- Court: South Carolina Supreme Court
- Full case name: League of Women Voters of South Carolina v. Alexander, et al.
- Argued: June 24, 2025
- Decided: September 17, 2025

Case history
- Argument: Oral argument
- Opinion announcement: Opinion announcement

Questions presented
- Does partisan gerrymandering violate the South Carolina Constitution?

Holding
- Partisan gerrymandering claims present a nonjusticiable political question.

Court membership
- Judges sitting: John W. Kittredge, Chief Justice John Cannon Few, George C. James, D. Garrison Hill, Letitia H. Verdin, Justices

Case opinions
- Majority: James, joined by Few, Verdin
- Concurrence: Kittredge, joined by Hill

= League of Women Voters of South Carolina v. Alexander =

League of Women Voters of South Carolina v. Alexander was a 2025 South Carolina Supreme Court case regarding political gerrymandering.

== Background ==
After the 2020 census, South Carolina redistricted its 7 congressional districts. The new plan contained 6 Republican leaning districts and 1 Democratic leaning district, the majority black 6th congressional district. In the 2018 midterm elections the coastal 1st congressional district was narrowly won by the Democratic nominee, who then narrowly lost to Republican Nancy Mace in the 2020 elections. After this the South Carolina General Assembly drew the new 1st congressional district to be more Republican, leading to a nearly 14 point victory for Mace in 2022. The South Carolina Conference of the NAACP challenged the congressional map as a racial gerrymander in Alexander v. South Carolina State Conference of the NAACP. South Carolina argued that the map was gerrymandered for political reasons, not racial reasons, and that federal courts cannot adjudicate political gerrymandering claims since Rucho v. Common Cause. A three-judge panel initially ruled that the 1st district was racially gerrymandered, but was overturned by the United States Supreme Court in a 6–3 decision in May 2024, leaving the current map in place.

In July 2024, the League of Women Voters of South Carolina filed a lawsuit against the congressional map, claiming that it was a partisan gerrymander in violation of the South Carolina Constitution.
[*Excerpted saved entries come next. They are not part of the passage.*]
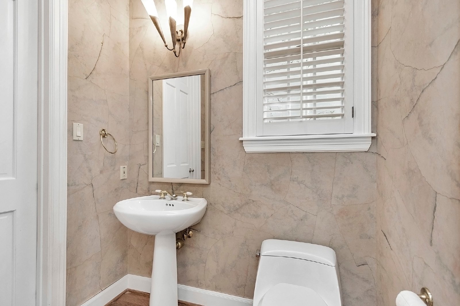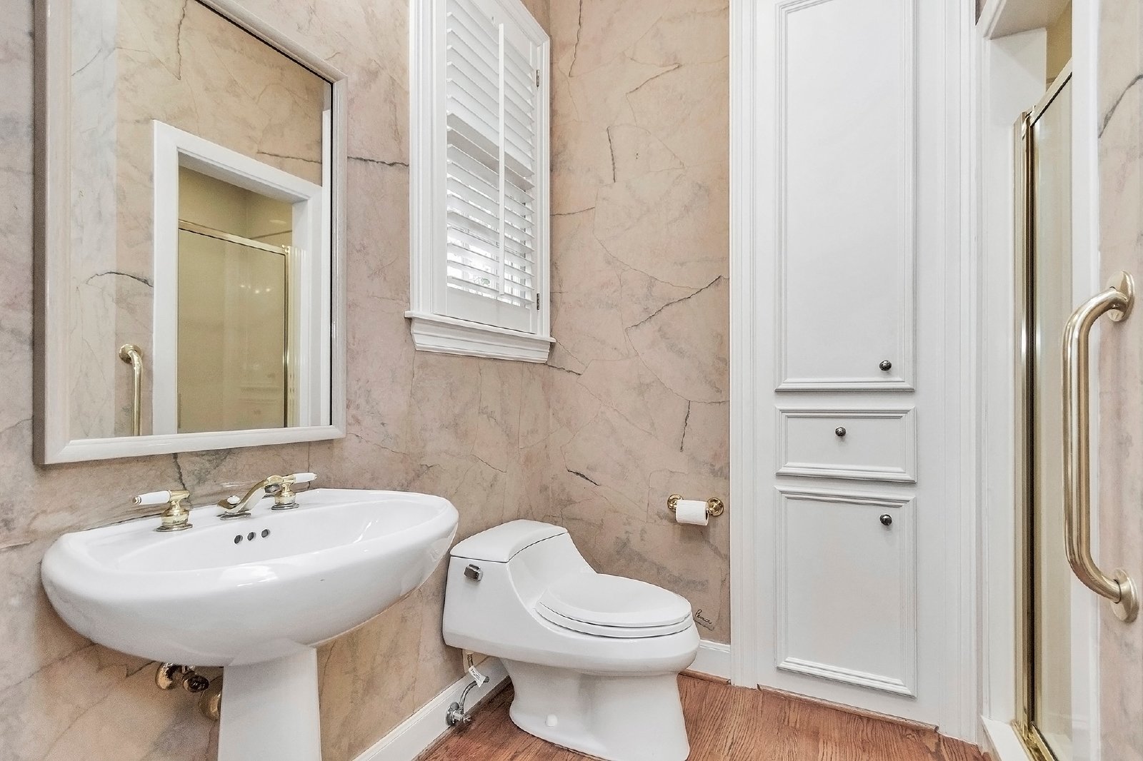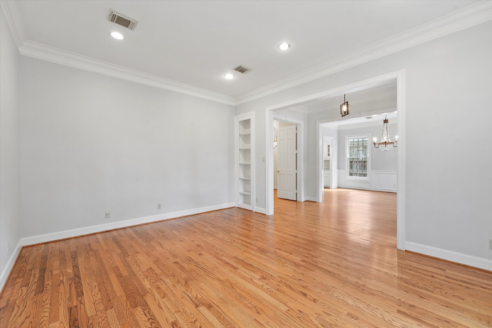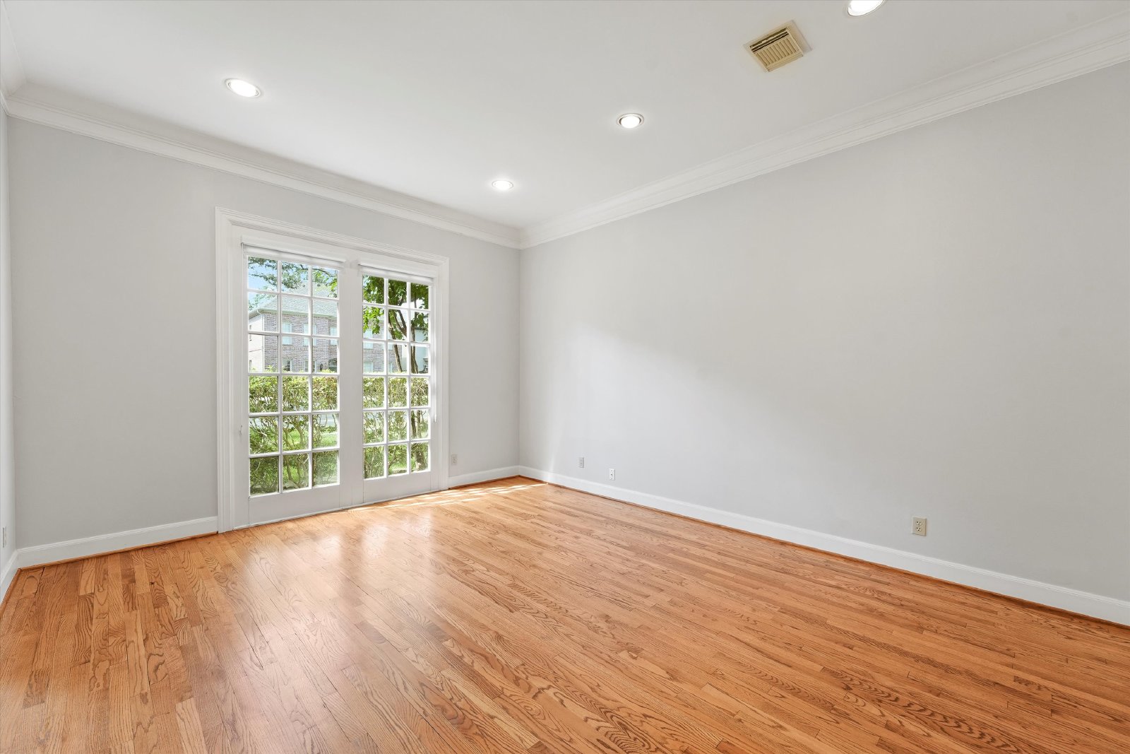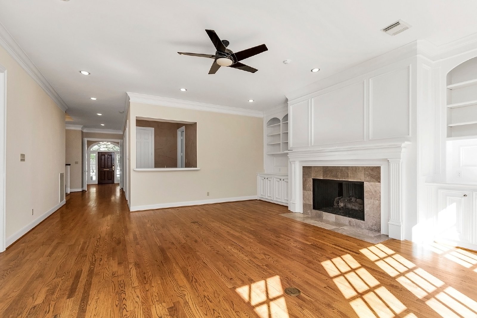 This elegant residence features both formal living and dining rooms, showcasing beautiful hardwood floors that add timeless charm.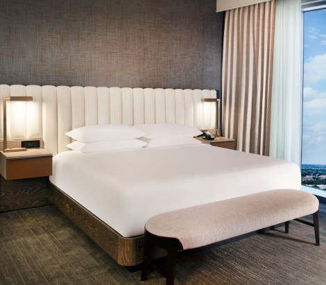 A project of Sam Moon Group and the city of Frisco, the 18-story, 303-room hotel features minimalist contemporary decor with subtle, muted earth tones and lots of natural night. The rooms are spacious with an open closet concept, 65” high definition flat panel televisions in every room, and lavish bathrooms.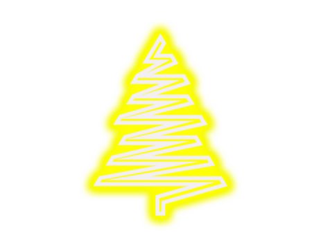 Bright yellow neon stylized Christmas tree icon with a zigzag white interior design element
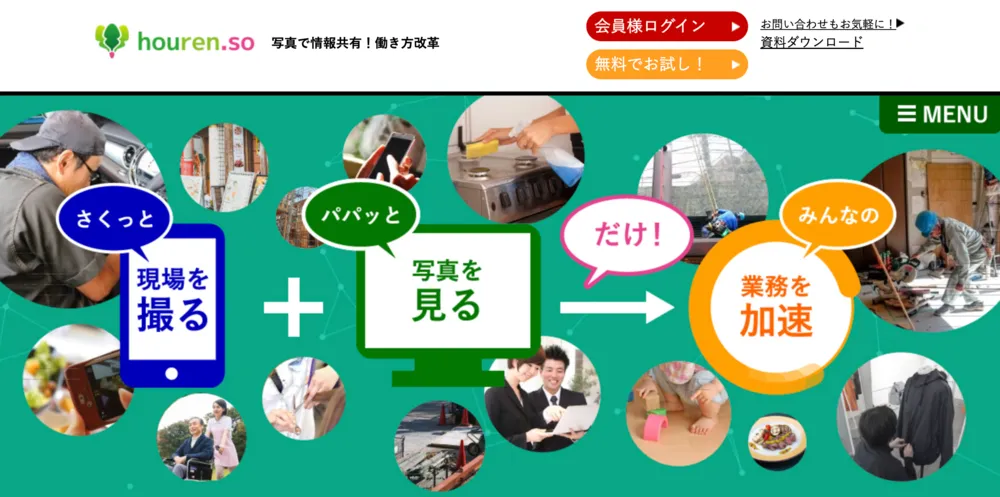 株式会社Brassicaが提供している作業日報アプリ「houren.so」は、現場で生まれた作業日報アプリです。写真+コメントだけで日報を作成でき、入力負担を抑えながら現場の状況を共有できます。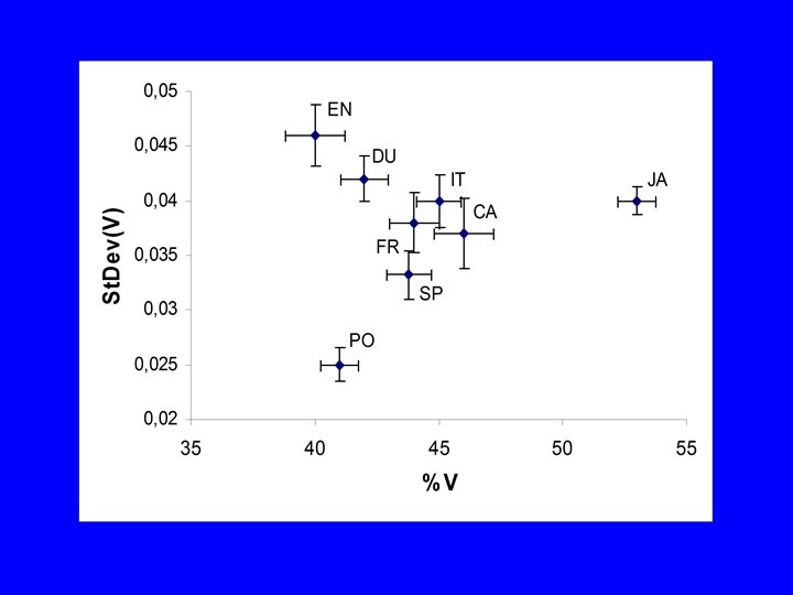 Material • 8 languages, 4 speakers per language, and 5 sentences per speaker = 160 sentences. • Segmentation into consonantal and vocalic intervals. • Three variables computed for each sentence: – %V proportion of vocalic intervals (= 1 - %C); – V standard deviation of vocalic interval durations within the sentence; – C standard deviation of consonantal interval durations within the sentence;

The South Carolina Supreme Court agreed to hear the case in its original jurisdiction in October 2024. Oral arguments were held on June 24, 2025.

== Decision ==
The South Carolina Supreme Court announced its decision on September 17, 2025. In a 5–0 decision, it ruled that partisan gerrymandering claims were not justiciable under the South Carolina Constitution. It rejected the claims that the state Free and Open Elections Clause, Equal Protection Clause, Free Speech Clause, or other provisions of the state constitution prohibited partisan gerrymandering. The majority opinion frequently cited to the U.S. Supreme Court's Rucho v. Common Cause decision in which the Court held that partisan gerrymandering claims are nonjusticiable under the federal constitution. The majority stated that "There are no constitutional provisions or statutes that pertain to, prohibit, or limit partisan gerrymandering in the congressional redistricting process in South Carolina.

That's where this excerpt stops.